Factorization is the decomposition of an expression into a product of its factors.

The following are common factorizations.

1. For any positive integer $$n$$, $a^n-b^n = (a-b)(a^{n-1} + a^{n-2} b + \ldots + ab^{n-2} + b^{n-1} ).$ In particular, for $$n=2$$, we have $$a^2-b^2=(a-b)(a+b)$$.

2. For $$n$$ an odd positive integer, $a^n+b^n = (a+b)(a^{n-1} - a^{n-2} b + \ldots - ab^{n-2} + b^{n-1} ).$

3. $$a^2 \pm 2ab + b^2 = (a\pm b)^2$$

4. $$x^3 + y^3 + z^3 - 3 xyz = (x+y+z) (x^2+y^2+z^2-xy-yz-zx)$$

5. $$(ax+by)^2 + (ay-bx)^2 = (a^2+b^2)(x^2+y^2)$$. $$(ax-by)^2 - (ay-bx)^2 = (a^2-b^2)(x^2-y^2)$$.

6. $$x^2 y + y^2 z + z^2 x + x^2 z + y^2 x + z^2 y +2xyz= (x+y)(y+z)(z+x)$$.

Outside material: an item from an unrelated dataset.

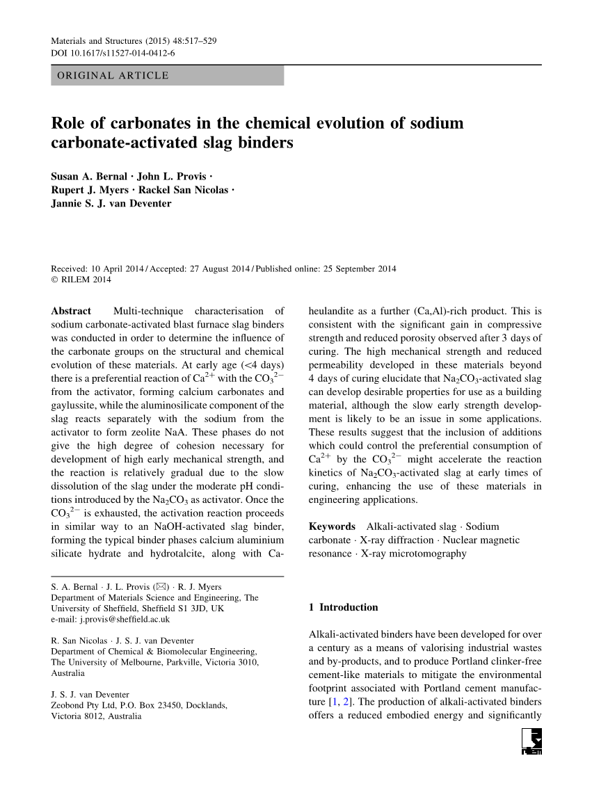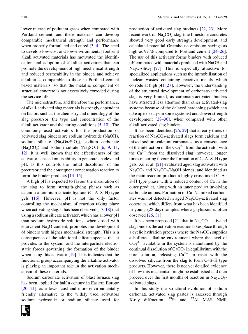 碳酸盐在碳酸盐活化矿渣粘合剂中的化学演化作用外文翻译资料

Factorization often transforms an expression into a form that is more easily manipulated algebraically, that has easily recognizable solutions, and that gives rise to clearly defined relationships.

## Worked Examples

### 1. Find all ordered pairs of positive integer solutions $$(x,y)$$ such that $$2^x+ 1 = y^2$$.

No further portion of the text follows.